_Input data_
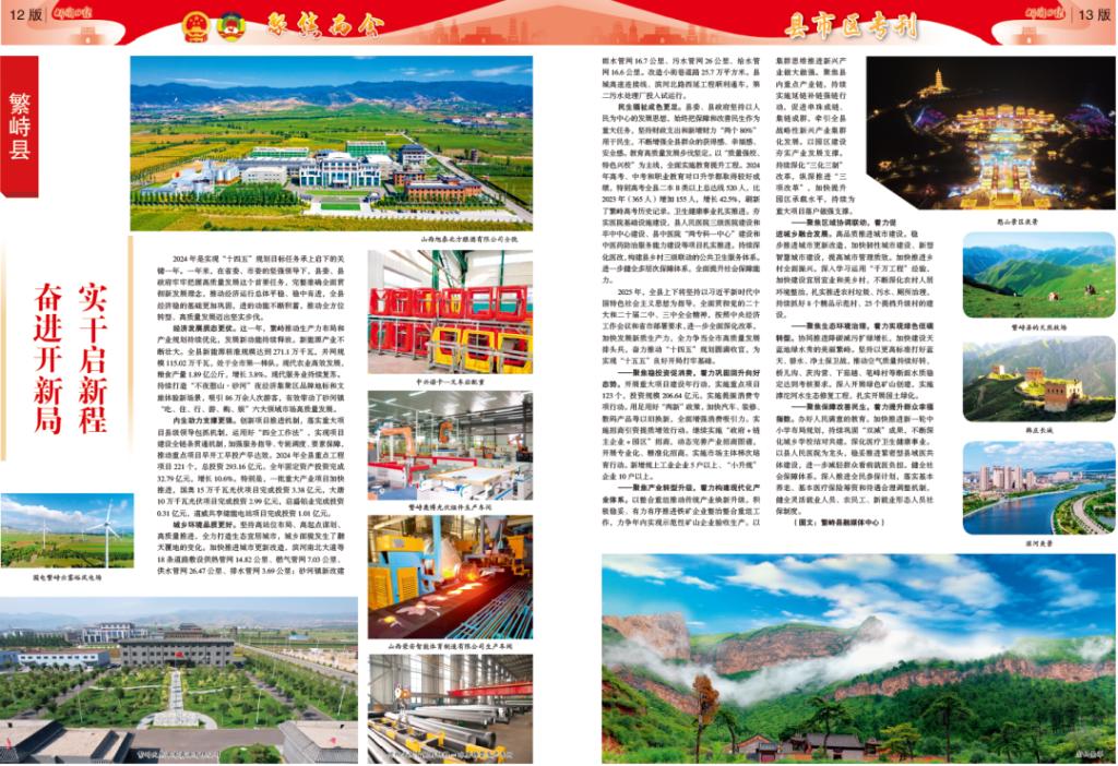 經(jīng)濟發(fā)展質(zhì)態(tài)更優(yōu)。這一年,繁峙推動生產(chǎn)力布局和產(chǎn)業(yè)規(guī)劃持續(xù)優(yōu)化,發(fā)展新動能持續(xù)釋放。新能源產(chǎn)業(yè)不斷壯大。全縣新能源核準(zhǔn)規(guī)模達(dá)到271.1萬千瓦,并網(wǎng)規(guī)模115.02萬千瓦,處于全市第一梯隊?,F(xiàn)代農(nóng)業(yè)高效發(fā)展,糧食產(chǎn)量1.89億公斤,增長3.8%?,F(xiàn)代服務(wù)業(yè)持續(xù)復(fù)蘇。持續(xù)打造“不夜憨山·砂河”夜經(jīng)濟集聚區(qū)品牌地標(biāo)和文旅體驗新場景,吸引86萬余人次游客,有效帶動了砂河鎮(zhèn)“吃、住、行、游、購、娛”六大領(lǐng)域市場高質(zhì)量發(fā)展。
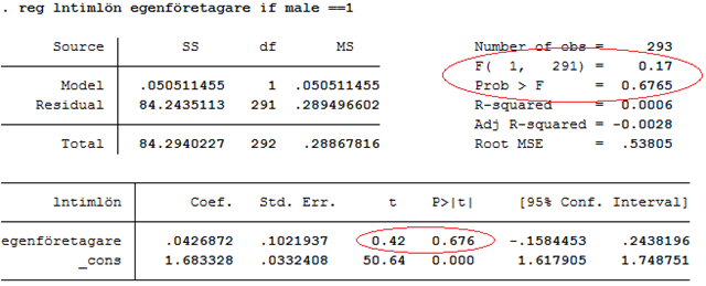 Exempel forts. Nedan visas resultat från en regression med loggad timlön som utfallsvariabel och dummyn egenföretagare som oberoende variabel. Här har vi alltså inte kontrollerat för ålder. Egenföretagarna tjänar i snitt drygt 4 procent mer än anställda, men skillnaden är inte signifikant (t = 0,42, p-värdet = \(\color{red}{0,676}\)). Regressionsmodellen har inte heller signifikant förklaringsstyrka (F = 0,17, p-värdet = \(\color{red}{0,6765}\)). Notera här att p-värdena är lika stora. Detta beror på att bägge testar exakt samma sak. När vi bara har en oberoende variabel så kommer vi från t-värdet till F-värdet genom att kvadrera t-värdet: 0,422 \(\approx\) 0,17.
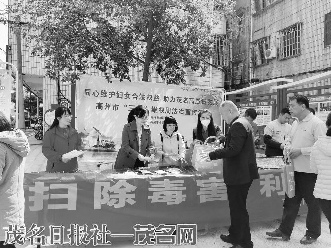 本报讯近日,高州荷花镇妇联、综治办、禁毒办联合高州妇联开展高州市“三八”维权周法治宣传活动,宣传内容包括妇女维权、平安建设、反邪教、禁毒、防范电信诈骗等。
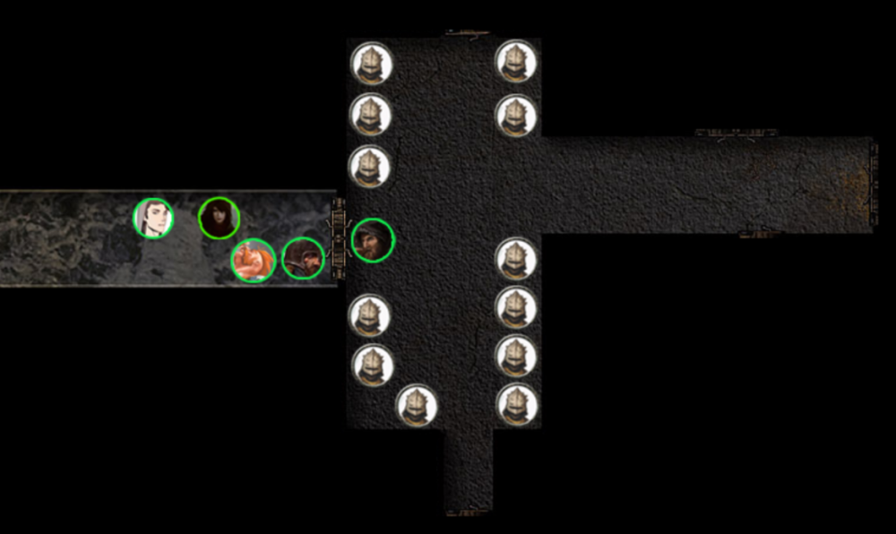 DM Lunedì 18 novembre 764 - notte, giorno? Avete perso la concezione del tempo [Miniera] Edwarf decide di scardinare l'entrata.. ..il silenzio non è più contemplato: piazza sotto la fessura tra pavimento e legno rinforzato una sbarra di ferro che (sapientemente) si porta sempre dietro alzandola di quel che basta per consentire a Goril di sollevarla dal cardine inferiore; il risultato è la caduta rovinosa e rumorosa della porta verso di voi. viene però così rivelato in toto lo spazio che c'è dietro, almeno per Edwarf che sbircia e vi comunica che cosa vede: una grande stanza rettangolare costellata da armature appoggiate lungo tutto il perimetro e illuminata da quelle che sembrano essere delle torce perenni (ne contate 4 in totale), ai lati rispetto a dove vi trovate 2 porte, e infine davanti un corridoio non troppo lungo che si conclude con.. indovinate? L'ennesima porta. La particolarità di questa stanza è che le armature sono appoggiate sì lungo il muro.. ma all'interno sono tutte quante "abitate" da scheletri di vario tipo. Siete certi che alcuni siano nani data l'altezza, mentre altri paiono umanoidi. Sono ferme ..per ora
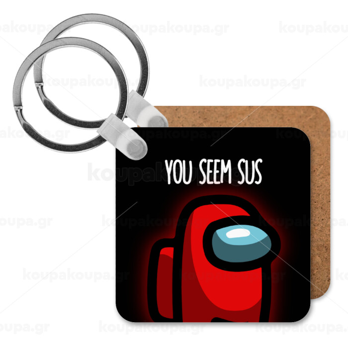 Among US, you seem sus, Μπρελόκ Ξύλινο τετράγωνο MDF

_Description of the task_
Would you please repeat each record exactly? Leave the pictures out.

_Answer for the task_
 經(jīng)濟發(fā)展質(zhì)態(tài)更優(yōu)。這一年,繁峙推動生產(chǎn)力布局和產(chǎn)業(yè)規(guī)劃持續(xù)優(yōu)化,發(fā)展新動能持續(xù)釋放。新能源產(chǎn)業(yè)不斷壯大。全縣新能源核準(zhǔn)規(guī)模達(dá)到271.1萬千瓦,并網(wǎng)規(guī)模115.02萬千瓦,處于全市第一梯隊?,F(xiàn)代農(nóng)業(yè)高效發(fā)展,糧食產(chǎn)量1.89億公斤,增長3.8%?,F(xiàn)代服務(wù)業(yè)持續(xù)復(fù)蘇。持續(xù)打造“不夜憨山·砂河”夜經(jīng)濟集聚區(qū)品牌地標(biāo)和文旅體驗新場景,吸引86萬余人次游客,有效帶動了砂河鎮(zhèn)“吃、住、行、游、購、娛”六大領(lǐng)域市場高質(zhì)量發(fā)展。
 Exempel forts. Nedan visas resultat från en regression med loggad timlön som utfallsvariabel och dummyn egenföretagare som oberoende variabel. Här har vi alltså inte kontrollerat för ålder. Egenföretagarna tjänar i snitt drygt 4 procent mer än anställda, men skillnaden är inte signifikant (t = 0,42, p-värdet = \(\color{red}{0,676}\)). Regressionsmodellen har inte heller signifikant förklaringsstyrka (F = 0,17, p-värdet = \(\color{red}{0,6765}\)). Notera här att p-värdena är lika stora. Detta beror på att bägge testar exakt samma sak. När vi bara har en oberoende variabel så kommer vi från t-värdet till F-värdet genom att kvadrera t-värdet: 0,422 \(\approx\) 0,17.
 本报讯近日,高州荷花镇妇联、综治办、禁毒办联合高州妇联开展高州市“三八”维权周法治宣传活动,宣传内容包括妇女维权、平安建设、反邪教、禁毒、防范电信诈骗等。
 DM Lunedì 18 novembre 764 - notte, giorno? Avete perso la concezione del tempo [Miniera] Edwarf decide di scardinare l'entrata.. ..il silenzio non è più contemplato: piazza sotto la fessura tra pavimento e legno rinforzato una sbarra di ferro che (sapientemente) si porta sempre dietro alzandola di quel che basta per consentire a Goril di sollevarla dal cardine inferiore; il risultato è la caduta rovinosa e rumorosa della porta verso di voi. viene però così rivelato in toto lo spazio che c'è dietro, almeno per Edwarf che sbircia e vi comunica che cosa vede: una grande stanza rettangolare costellata da armature appoggiate lungo tutto il perimetro e illuminata da quelle che sembrano essere delle torce perenni (ne contate 4 in totale), ai lati rispetto a dove vi trovate 2 porte, e infine davanti un corridoio non troppo lungo che si conclude con.. indovinate? L'ennesima porta. La particolarità di questa stanza è che le armature sono appoggiate sì lungo il muro.. ma all'interno sono tutte quante "abitate" da scheletri di vario tipo. Siete certi che alcuni siano nani data l'altezza, mentre altri paiono umanoidi. Sono ferme ..per ora
 Among US, you seem sus, Μπρελόκ Ξύλινο τετράγωνο MDF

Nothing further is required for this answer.